Modern-day disaster

I have to say that this story includes situations that may trigger you if you have faced a loss or traumatic birth experience.

Michele, I have no words for the grief you clearly feel over the loss you have experienced. My deepest condolences, yet I find it heartening that you can look at your son and be amazed. You clearly love him deeply and I am forever honored that you chose to share this story with my readers and I.

My story is a bit ugly, but I’ll share it anyways. My first time getting pregnant, I got pregnant with twins. Boy/Girl twins. Everything went smooth, for a while.

At 23 weeks I felt a gush while walking through Wal Mart. We rushed to the er. The test showed that the fluid was in fact amniotic.

After stabilizing my bp and heart rate (which were now both high) they moved me via ambulance to my delivery hospital. (Ambulance also got lost in a subdivision, which didn’t help my vitals).

My delivering hospital did the same test. Said the results were inconclusive. Then sent me home. At 24 weeks the bleeding started.

We returned to the delivering hospital 3 times over the next two weeks for heavy bleeding. Each time to be told the babies look fine, they cant find the source of the bleeding, and to be sent home. On bed rest. Which I followed.

At 26+4 I started hemorrhaging at home. Same song and dance, only this time they decided to keep me. This was a Thursday. That Friday I was told that I had proteins in my urine..and was severe preeclamptic. As well as a possible placenta abruption (they weren’t positive)

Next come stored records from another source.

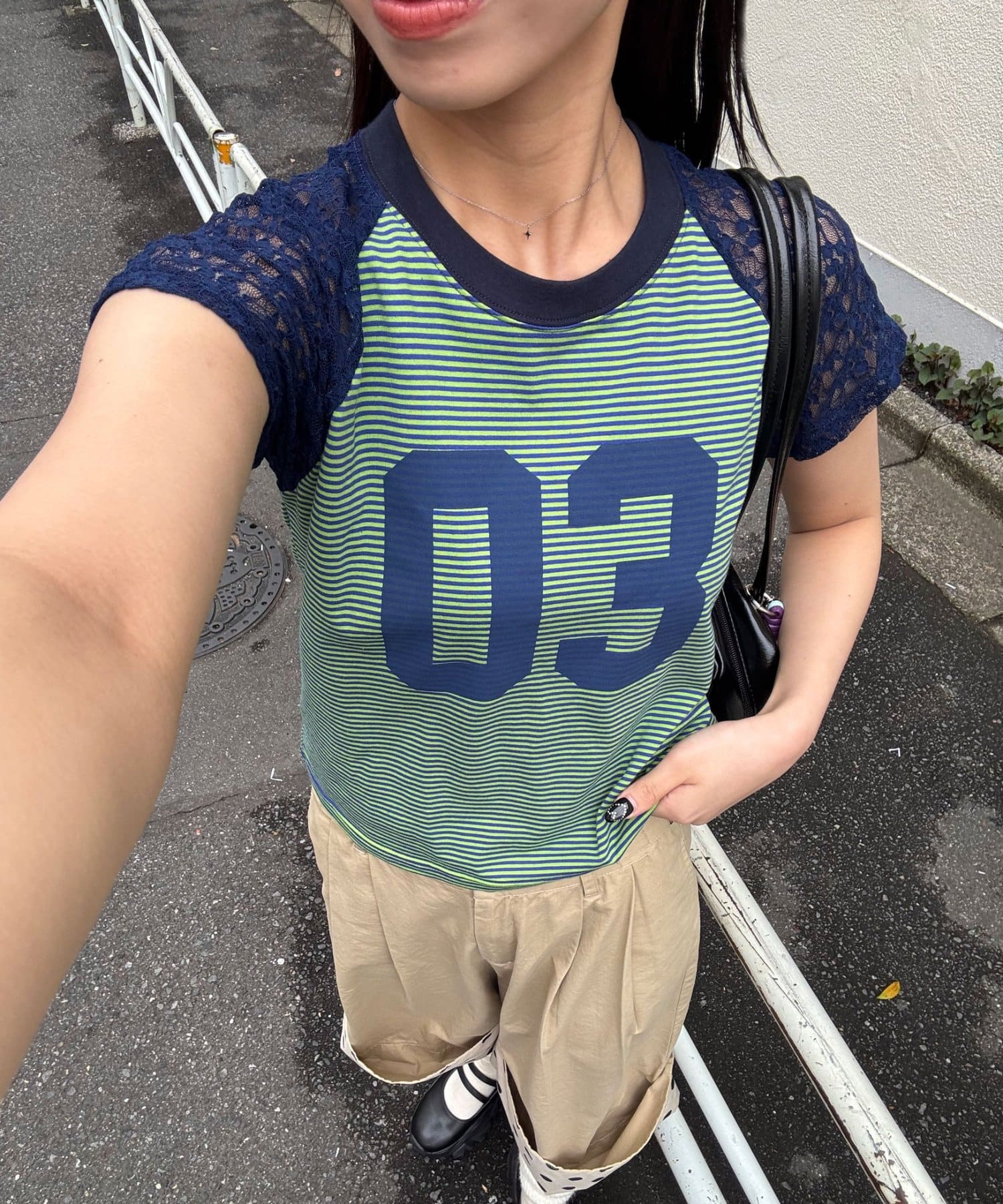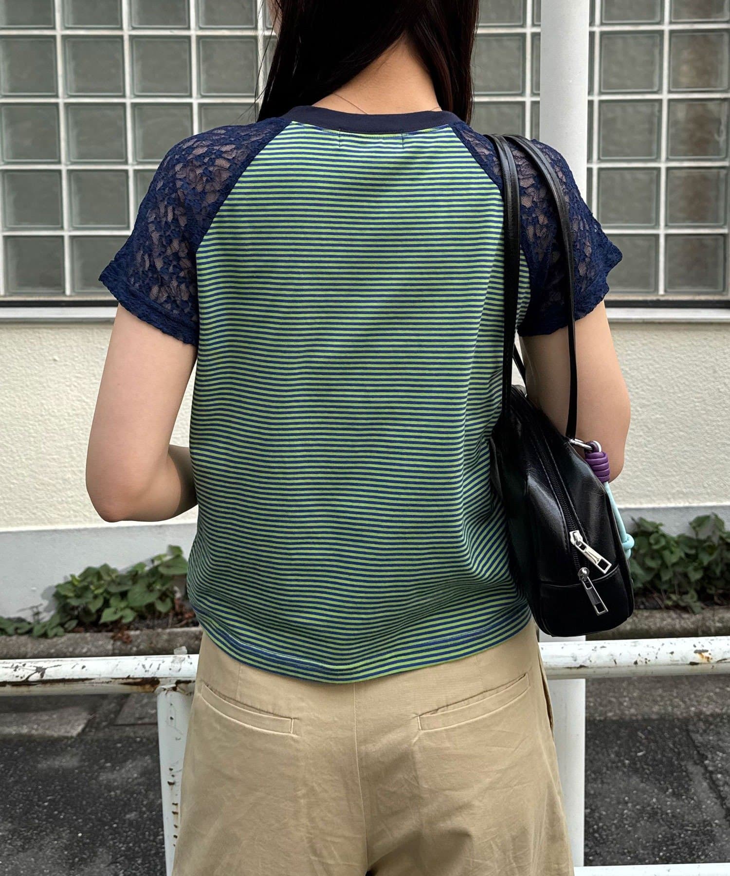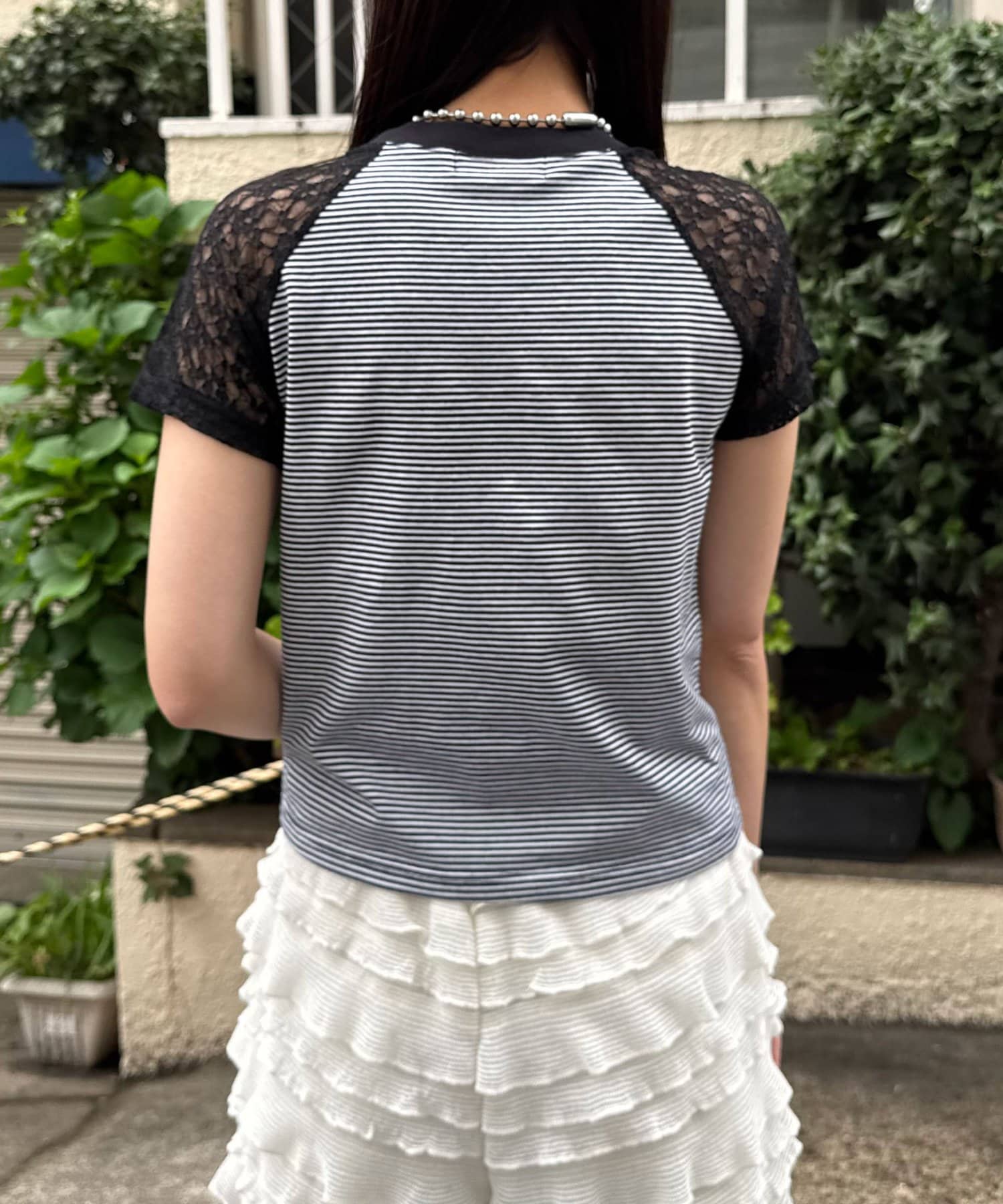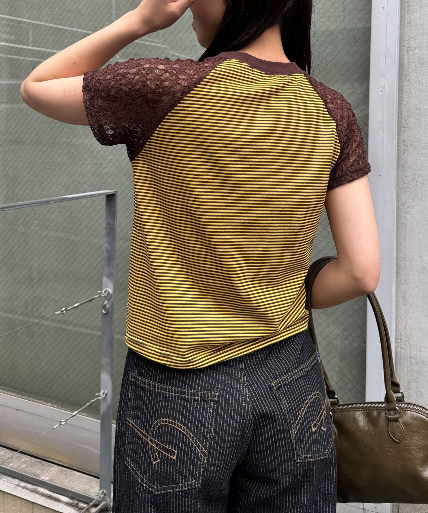 袖レースナンバリングボーダーラグランTee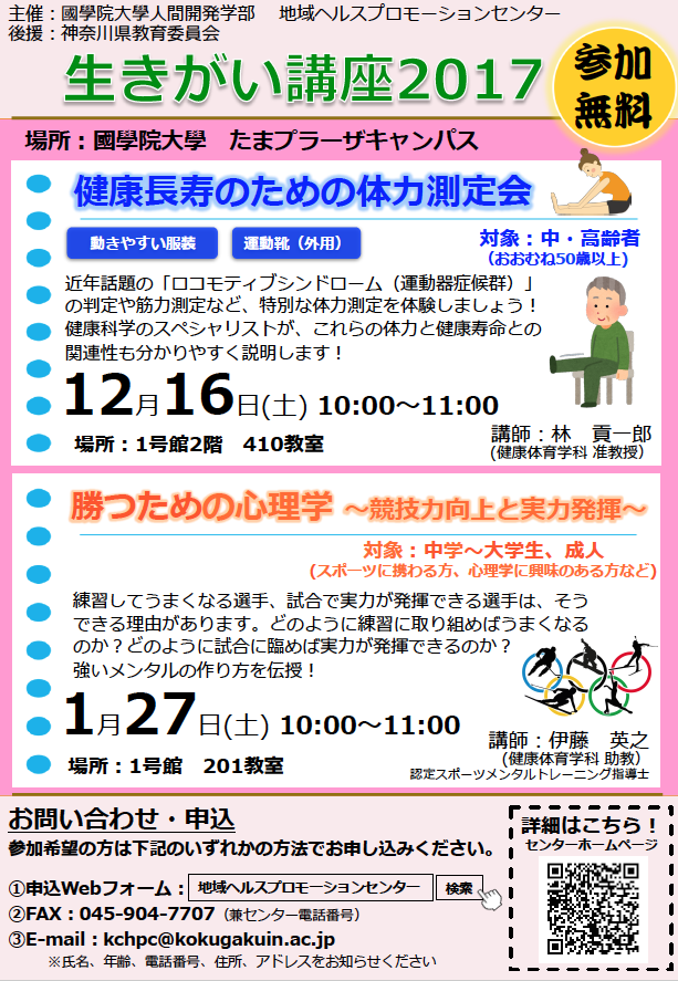 地域ヘルスプロモーションセンターでは、月1回のペースで、國學院大學人間開発学部の教員がオムニバス形式で登場する生きがい講座を開講中です!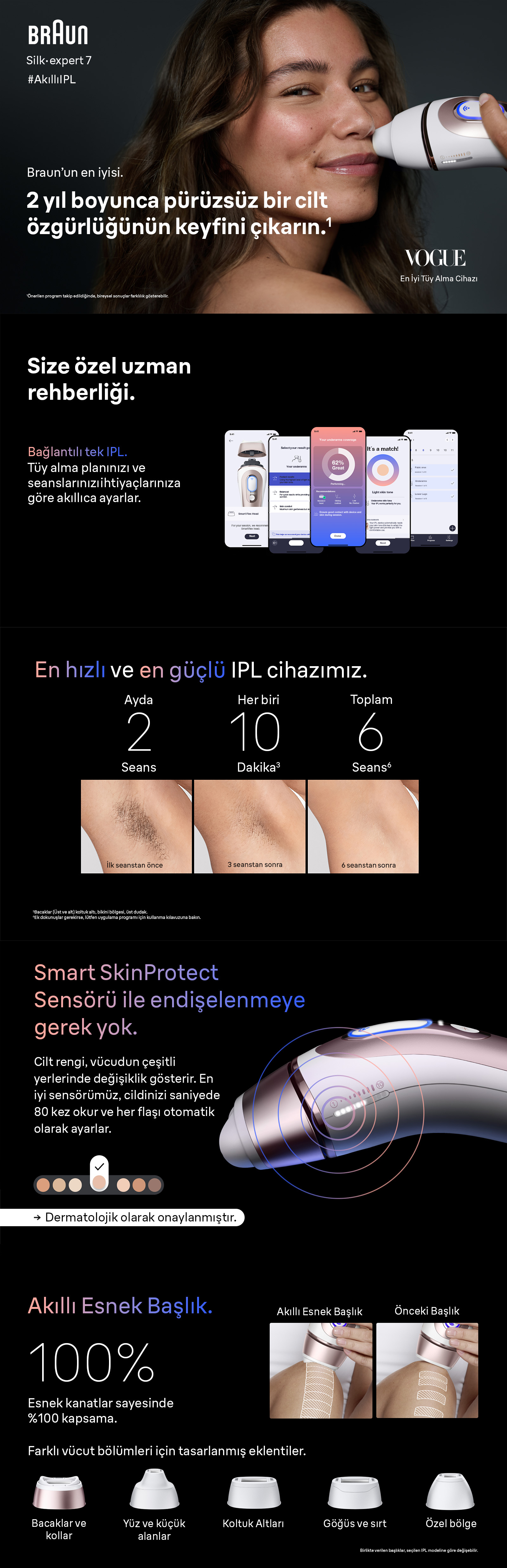 Akıllı ev tipi lazer epilasyon IPL cihazı: Dünyanın ilk akıllı IPL teknolojisi, size göre öğrenen ve uyum sağlayan sistemle 2 yıl boyunca* tüy alma ve yeniden tüy çıkmasından kalıcı olarak özgürlük sunar.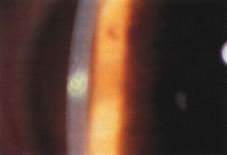of focal corneal inflammation as a response to the presence of organisms. However, this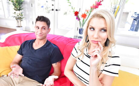 Gracile american blonde milf Ashley Fires in nice skirt take in mouth big dick and enjoys a facial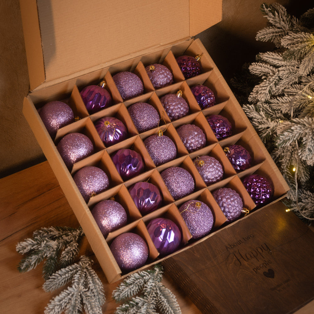 Новорічні кулі 25 шт Асорті Фіолетовий Набір ялинкових куль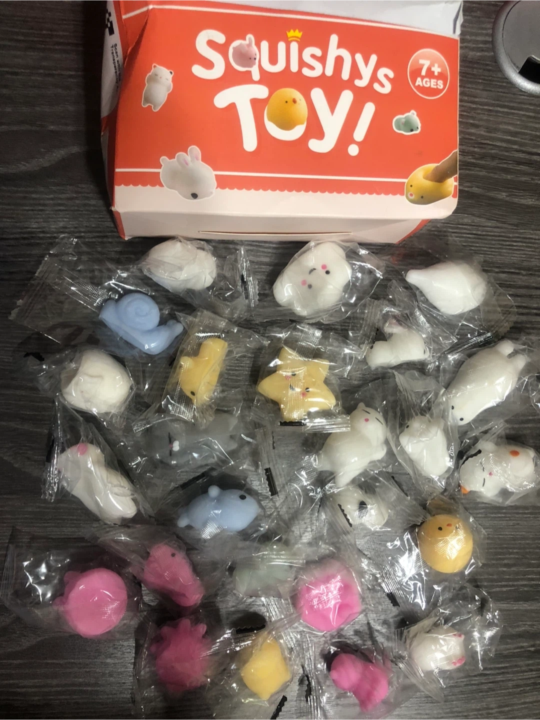 Selling a box of Squishys Toy! These are recommended for ages 7 and up. They come in various shapes and colours and are individually wrapped. Perfect for little hands!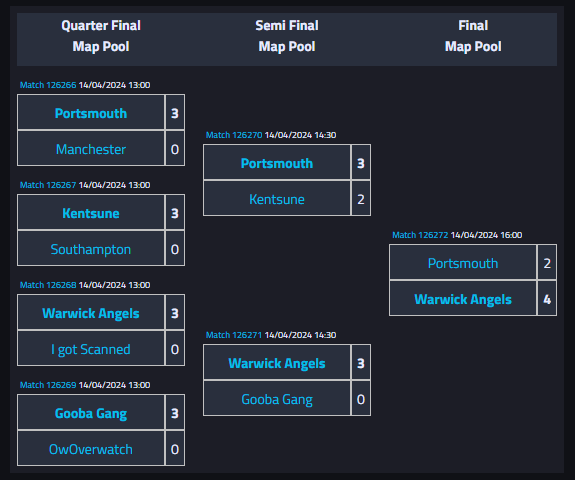 Congratulations to our winners Warwick Angels! If you would like to have a look at the overall bracket see below: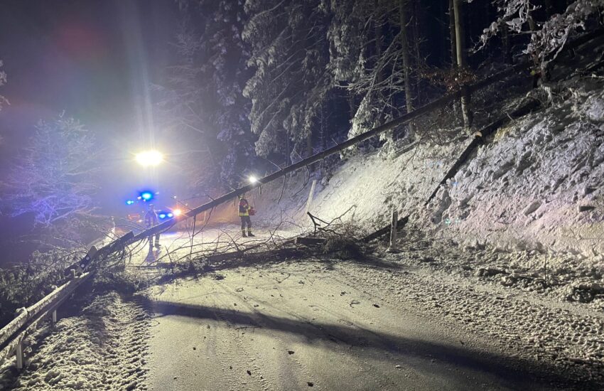 Zwei Bäume sind über Fahrbahn gefallen und blockierten diese, dabei wurde die Leitplanke beschädigt. ein weiterer Baum war halb entwurzelt, dieser wurde sicherheitshalber gefällt. Die Straße war während der Arbeiten voll gesperrt.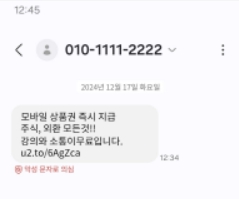 - 악성 문자로 표시된 문자의 99%가 실제 스팸 및 광고성 문자로 확인
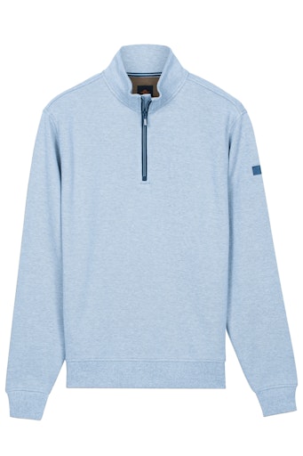 Het model heeft een korte rits (quarter zip / troyer) en een opstaande kraag, waarmee u de hals open of gesloten kunt dragen voor een sportieve uitstraling. De boorden bij de mouwen en onderzijde zorgen voor een nette pasvorm die goed in model blijft.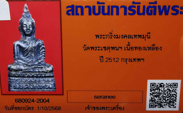 พระกริ่งมงคลเทพ วัดพระเชตุพนฯ เนื้อทองแดง ปี2512 จ.กรุงเทพฯ + บัตรG-pra สภาพเดิมค่ะ |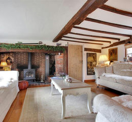 - The property retains many period features such as exposed wall and ceiling timbers, inglenook fireplace, wooden floors, and leaded light casement windows.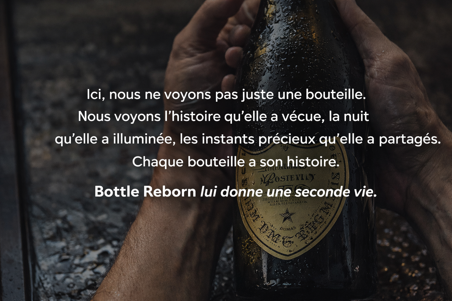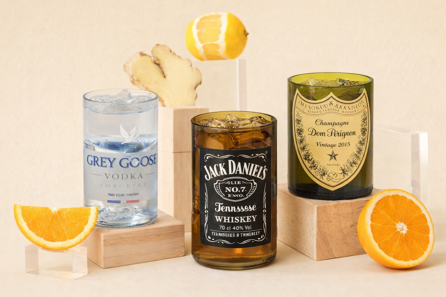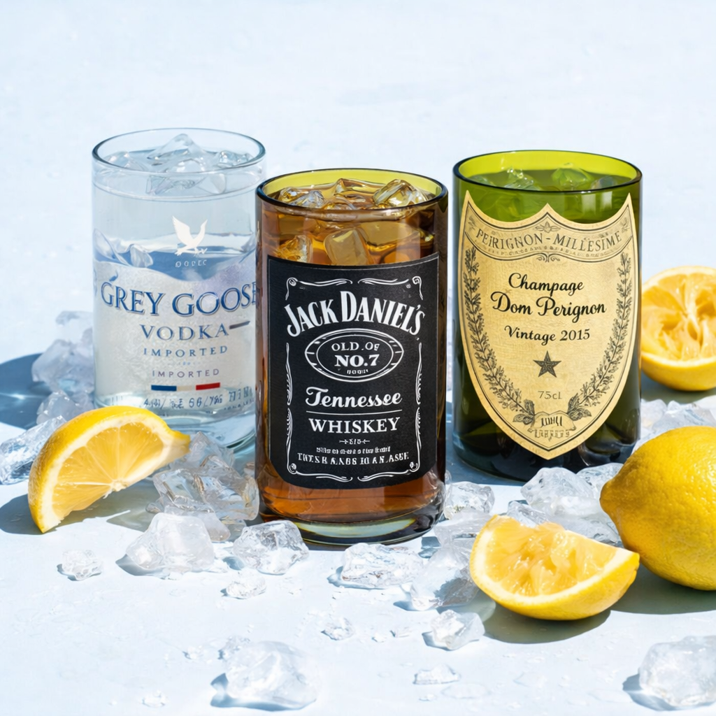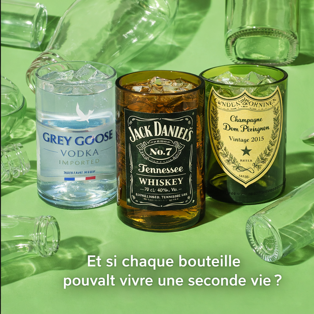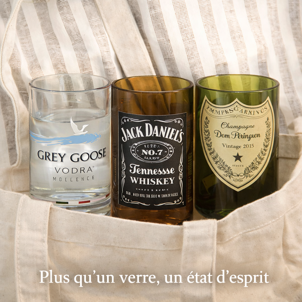 Nous récupérons des bouteilles mythiques comme Dom Pérignon, Jack Daniel’s ou Grey Goose pour leur donner une seconde vie, en les transformant en verres uniques au design brut et élégant.

Saturday the contractions started. You could feel them on my stomach but they weren’t showing on the monitor. The nurses basically told me I was wrong. It was just Braxton hicks spasms. That was late Saturday night. This continued through late Sunday night.

At this point, these contractions had increased and were getting closer and closer. I was literally bending the bars on the hospital bed. I started feeling the need to push. Like, push now.

We told the nurse who again didn’t believe me. Finally, we insisted she check to see if I was dilating. Here things got hectic. Her exact words were ” oh my god. I feel digits!” I was dilated to TEN!

Everything went fast here. Emergency c section. The iv infiltrated. I wasn’t numbed when they started cutting. I was supposed to be asleep through it but I was awake. Crying. Intubated and unable to speak. It was literally a horror movie.

My daughter came out first, crying. My son came out second and wasn’t breathing. Both babies were rushed to NICU and I was put back to sleep for several hours. (Apparently bleeding was horrible at this point. I didn’t know that until almost six months later)

My son was kept at the delivering hospital, my daughter was moved a few towns over for hypoplastic lung issues. The next morning we received a PHONE CALL from the other hospital that my daughter had died while they were trying to insert a tube through her chest into her lung. It was mortifying.

To this day. 5 years later, I am still so thankful to have my beautiful boy, but have never really talked to anyone about our horrible disaster of a birthing experience.

My son was 2 pounds at birth. After 65 days in the NICU, he came home before his due date.

Today he is in kindergarten. Handsome. So smart. No big delays other than a lazy eye were working to fix. Even through tragedy, this little angel flourished into something just amazing. Stronger and taller than most kids his age. An absolute amazement to me.

Please know that I share stories like this so we can learn from them and where the medical support was lacking (though I make no accusations myself) that we have a chance to correct that in the future. There is so much that we need to change and correct with how women and babies are treated within the pregnancy and birthing experience that stories like this MUST be shared to help our support teams understand WHY we need the changes.